Быстрые строки одна за другой из-под пера Лебедева ложились на бумагу:

«…каждый день войны — это новые осиротевшие семьи, десятки и сотни калек, тяжелые муки ни в чем не повинных людей. И это — новые тысячи и миллионы у купцов и царских чиновников, жаждущих легкой наживы. Что им до горя народного? Что им до крови народной? Штыки солдат пока все еще повернуты на восток. А за спиной у солдат царю и его своре творить свои бесчинства над рабочим людом легко и безнаказанно. Так кажется венценосному негодяю. Но мы считаем иначе. Чаша нашего терпения переполнилась…»

Лебедев снова глянул в окно. В том же месте, где несколько минут тому назад пробежала Васёнка, утопая ногами в сыпучем песке, переходил дорогу высокий мужчина. Лица его не было видно, он, как и большинство пешеходов, закрывался от пыли воротником. Но Лебедев сразу узнал по походке — Буткин. Со времени прошлогодней стычки на массовке в Шиверске и после ареста Буткина Лебедев с ним не встречался. Буткин направляется определенно к дому Фаины Егоровны… Лебедев поморщился: вот уж подлинно лихим ветром несет сюда этого человека.

Буткин вошел в калитку. Лебедев сложил недописан-ную прокламацию и опустил в карман пиджака. Сквозь тонкую дощатую переборку он услышал булькающий голос: «Вы продаете молоко?» — и неторопливый ответ хозяйки дома: «Нет, это рядом». Потом опять Буткин: «Прошу вас, купите и принесите сюда». И снова хозяйка: «Проходите». Пароль для входа в дом сказан. Так неужели же Буткин и есть представитель?..
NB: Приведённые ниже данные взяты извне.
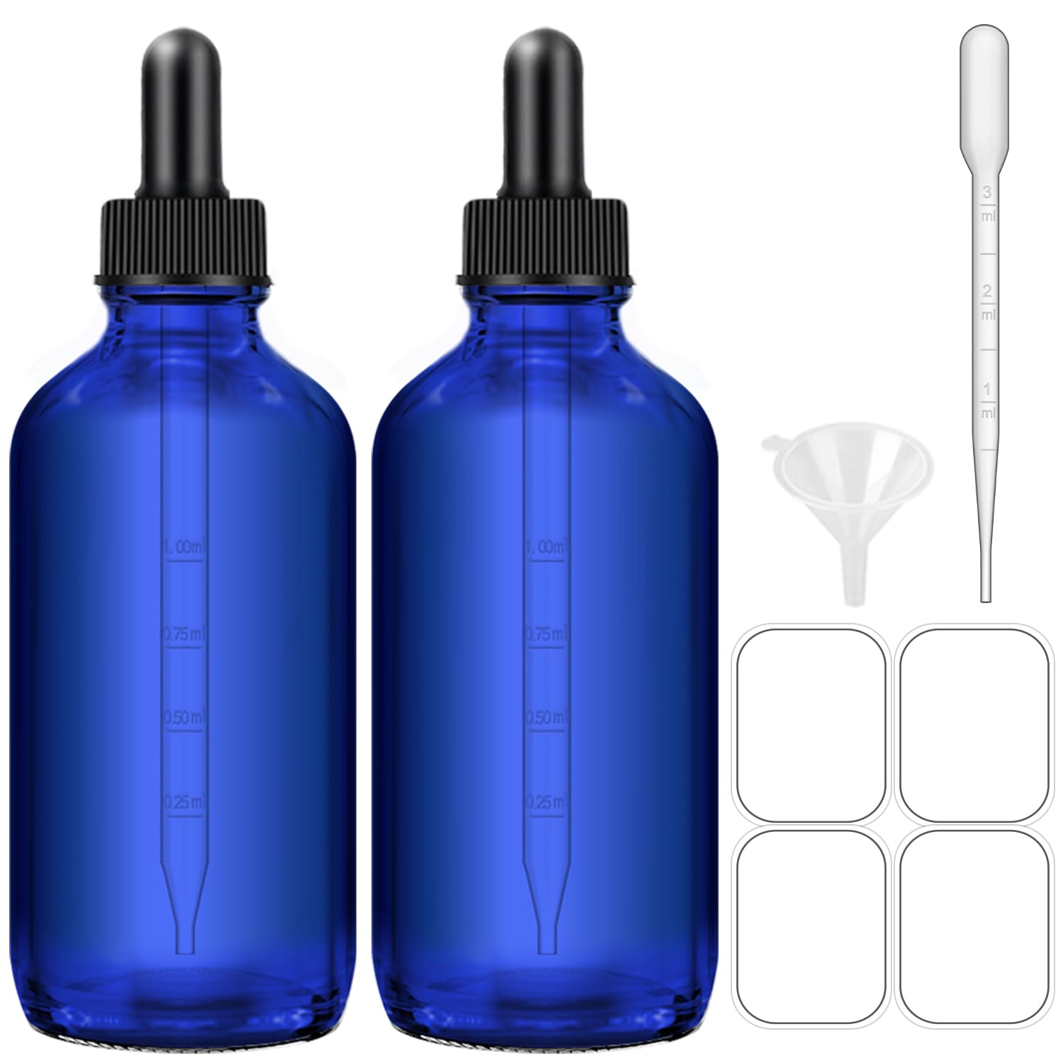 Bumobum Dropper Bottles, 4oz Blue Bottle with Dropper for Essential Oils with Funnel, Labels & Pipette, 2-Pack Tincture Bottles with Dropper(Unbreakable Plastic Eye Dropper)

А тот стоял уже на пороге комнаты и, трогая полусогнутым пальцем ложбинку небритого подбородка, бесстрастно спрашивал, будто впервые в жизни видел Лебедева:

Ищу квартиру. Вы хозяин?

Да, а это уже пароль, который должен сказать агент Союзного комитета. Лебедев помедлил с ответом. У него мелькнула даже озорная мысль: отозваться не условленными словами, озадачить Буткина и, может быть, заставить его уйти отсюда — таким непривлекательным и бесцельным сразу показался ему весь предстоящий разговор. Но Лебедев отогнал эту мысль. Ведь только ради встречи с агентом Союзного комитета он сам приехал сюда, в Красноярск, из Иркутска. И он, слегка сощурясь, тоже совершенно спокойно ответил:

Хозяин уехал.

Без хозяина лучше, — почти сглотнув последнее слово, быстро сказал Буткин. Подошел к Лебедеву, стиснул его руку своей мягкой ладонью и воскликнул: — Никак не ожидал, что встречусь с вами!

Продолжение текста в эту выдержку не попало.